While Delta non-autonomously activates Notch in neighboring cells, it autonomously inactivates Notch through cis-inhibition, the molecular mechanism and biological roles of which remain elusive. The wave of differentiation in the Drosophila brain, the ‘proneural wave’, is an excellent model for studying Notch signaling in vivo. Here, we show that strong nonlinearity in cis-inhibition reproduces the second peak of Notch activity behind the proneural wave in silico. Based on this, we demonstrate that Delta expression induces a quick degradation of Notch in late endosomes and the formation of the twin peaks of Notch activity in vivo. Indeed, the amount of Notch is upregulated and the twin peaks are fused forming a single peak when the function of Delta or late endosomes is compromised. Additionally, we show that the second Notch peak behind the wavefront controls neurogenesis.
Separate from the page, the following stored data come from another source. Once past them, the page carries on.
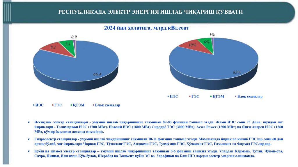 Иссиқлик электр станциялари - умумий ишлаб чиқаришнинг тахминан 82-83 фоизини ташкил этади. Жами ИЭС сони ?? Дона, шундан энг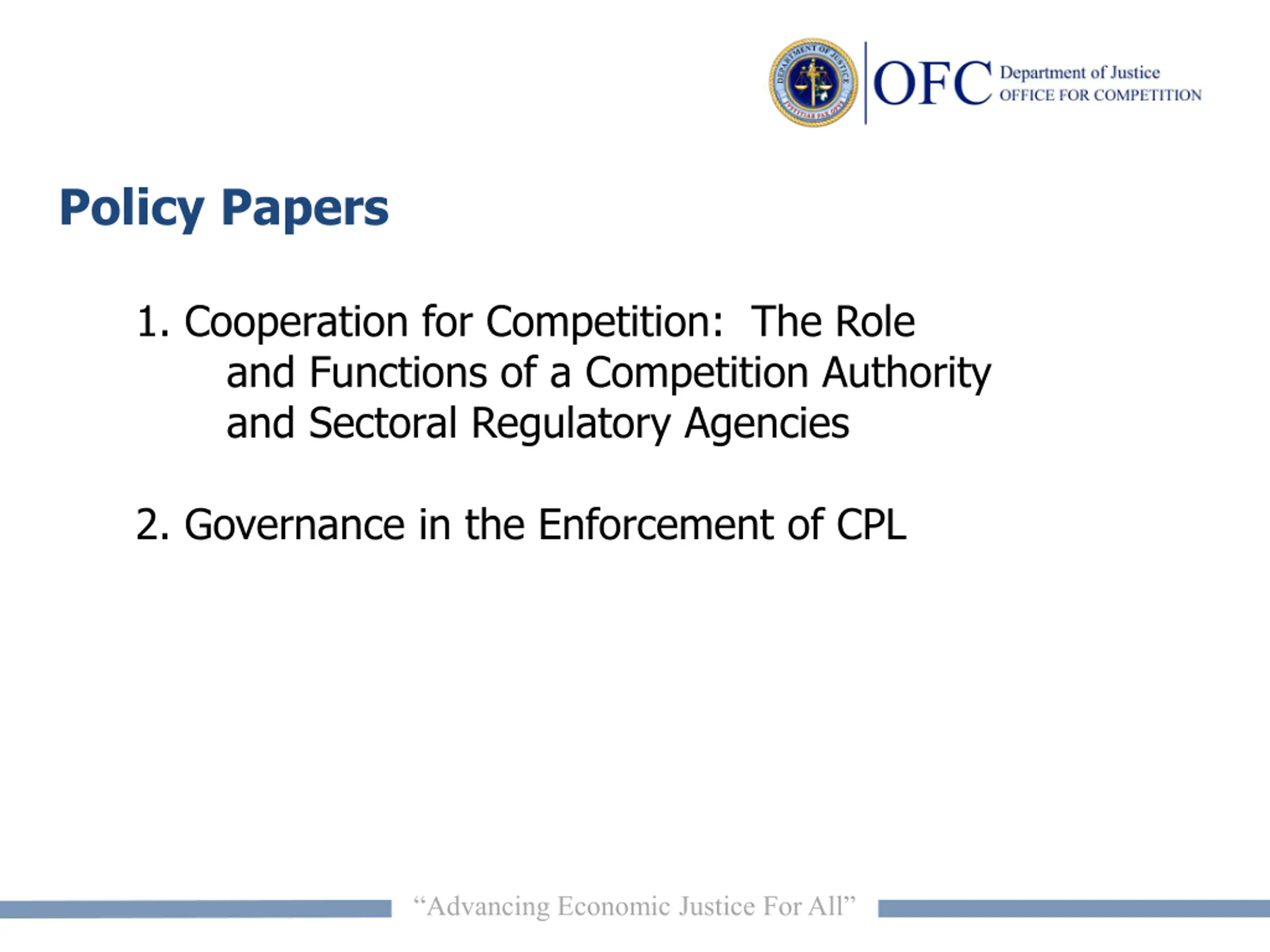 Policy Papers 1. Cooperation for Competition: The Role and Functions of a Competition Authority and Sectoral Regulatory Agencies 2. Governance in the Enforcement of CPL Advancing Economic Justice For All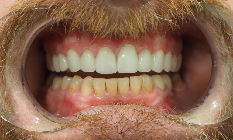 Patient presented with infection on his front teeth and missing back teeth. Six extractions were performed, followed by immediate same-day denture placement.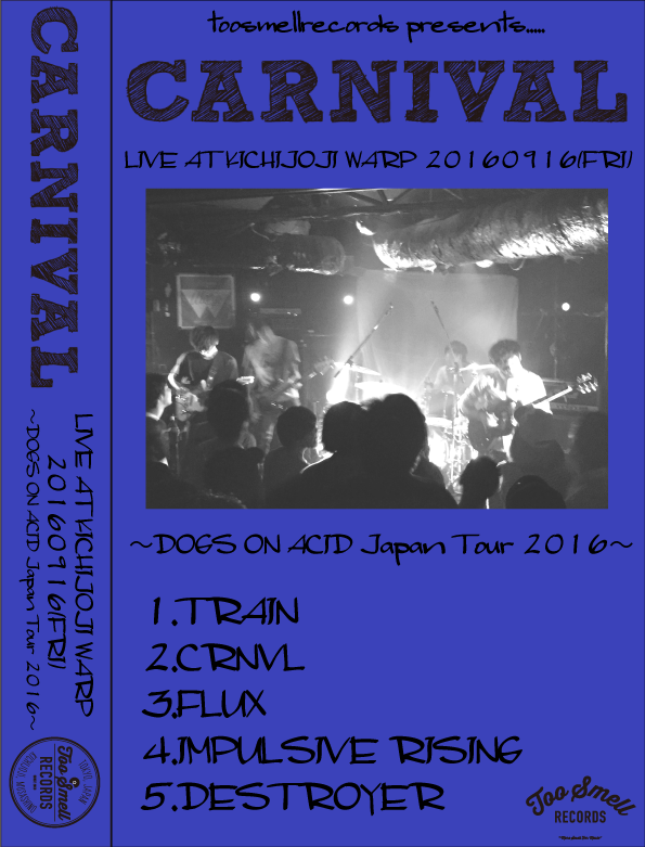 【LTD.200】 CARNIVAL 『LIVE AT KICHIJOJI WARP〜Dogs On Acid Japan Tour 2016/9/16(FRI)〜』 Cassette Tape+MP3ダウンロードコード ¥800(tax in) 【TRACK LIST】 1.TRAIN 2.CRNVL 3.FLUX(新曲) 4.Impulsive Rising 5.DESTROYER カセットストアデイリリース第三弾!!! dry as...

Thus, intracellular trafficking of Notch orchestrates the temporal dynamics of Notch activity and the temporal patterning of neurogenesis.

Suggested Citation

  • Miaoxing Wang & Xujun Han & Chuyan Liu & Rie Takayama & Tetsuo Yasugi & Shin-Ichiro Ei & Masaharu Nagayama & Yoshitaro Tanaka & Makoto Sato, 2021. "Intracellular trafficking of Notch orchestrates temporal dynamics of Notch activity in the fly brain," Nature Communications, Nature, vol. 12(1), pages 1-15, December.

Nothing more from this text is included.